Coding audio based on the psychoacoustic model only encodes audio
signals above a masking threshold, block by block of audio.
Therefore, if distortion (typically referred to as quantization
noise), which is inherent to an amplitude quantization process, is
under the masking threshold, a typical human cannot hear the noise.
A sound quality target is based on a subjective perceptual quality
scale (e.g., from 0-5, with 5 being best quality). From an audio
quality target on this perceptual quality scale, a noise profile,
i.e., an offset from the applicable masking threshold, is
determinable. This noise profile represents the level at which
quantization noise can be masked, while achieving the desired
quality target. From the noise profile, an appropriate coding
quantization step is determinable.
Audio Coding Artifacts
A typical audio coding process transforms a time-based waveform
(e.g., represented as pulse code modulation ("PCM") samples) into
the frequency domain, using a Fourier-related transform function
(e.g., Fast Fourier Transform). With AAC coding, an MDCT (modified
discrete cosine transform) function is typically used to transform
audio data from the time domain to the frequency domain. In the
frequency domain, the data is analyzed to compute the masking
threshold and associated quantization step coefficients to use in
efficiently encoding the data. The audio bit stream is transferred
to a decoder, which reconstructs the audio signal represented by
the audio data. This reconstruction occurs first in the frequency
domain, and then is transformed back into the time domain via an
inverse transform function (e.g., Inverse Fast Fourier Transform).

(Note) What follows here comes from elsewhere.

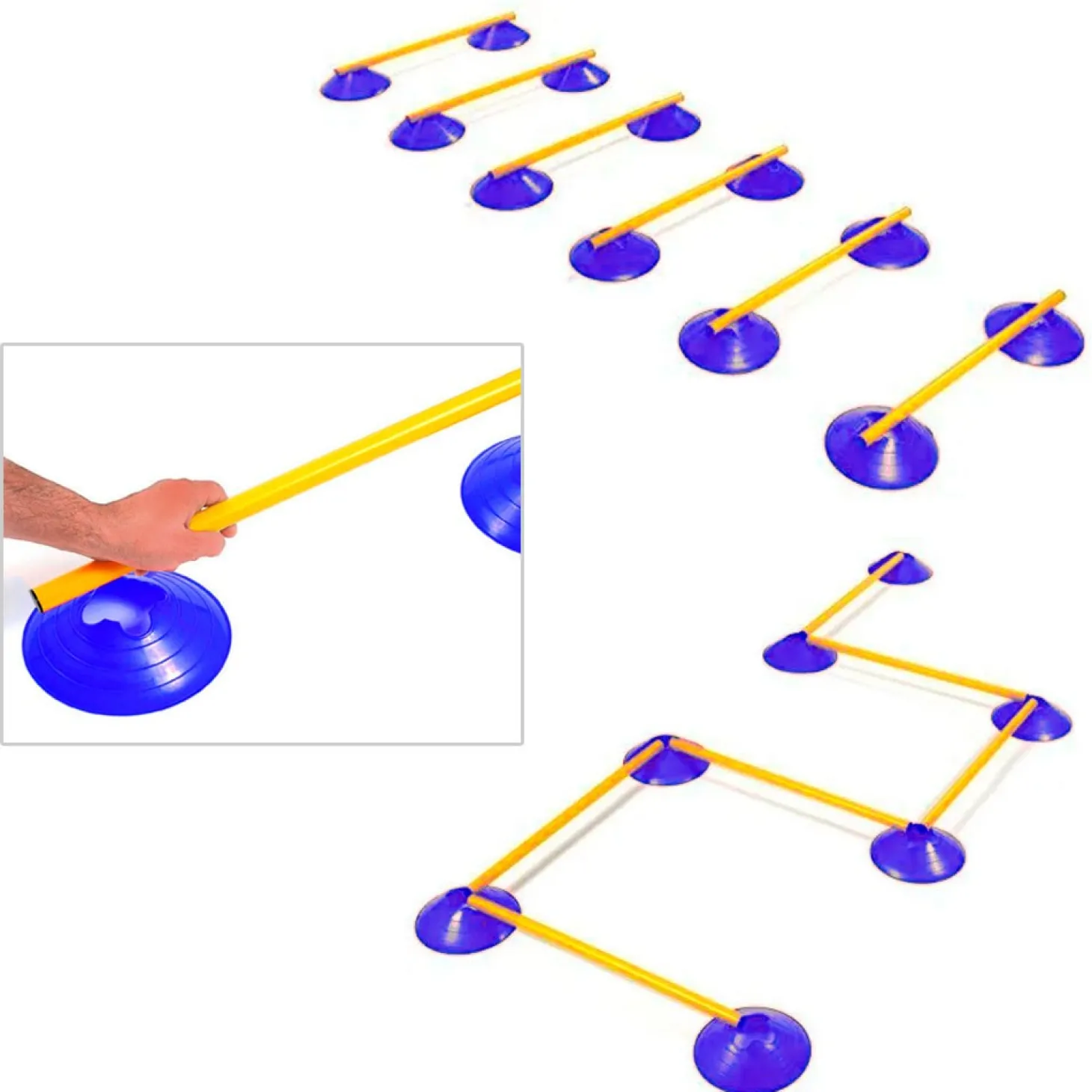 Crea las mejores rutinas de entrenamiento con este set de agilidad y velocidad compuesto por 20 conos flexibles y 10 picas.

As a result of the audio reconstruction process, primarily the
inverse transformation step, quantization noise is spread from its
associated signal origin (e.g., a transient signal). At some points
in the time domain, the spread of the noise produces noise above
the level of the original waveform. This noise spread produces what
is commonly referred to as a pre-echo artifact which, if above the
masking threshold, may be audible to a human.
In the time domain, each sample represents the full signal spectrum
at points in time. In the frequency domain, each coefficient
represents the frequency band of the signal at points in time.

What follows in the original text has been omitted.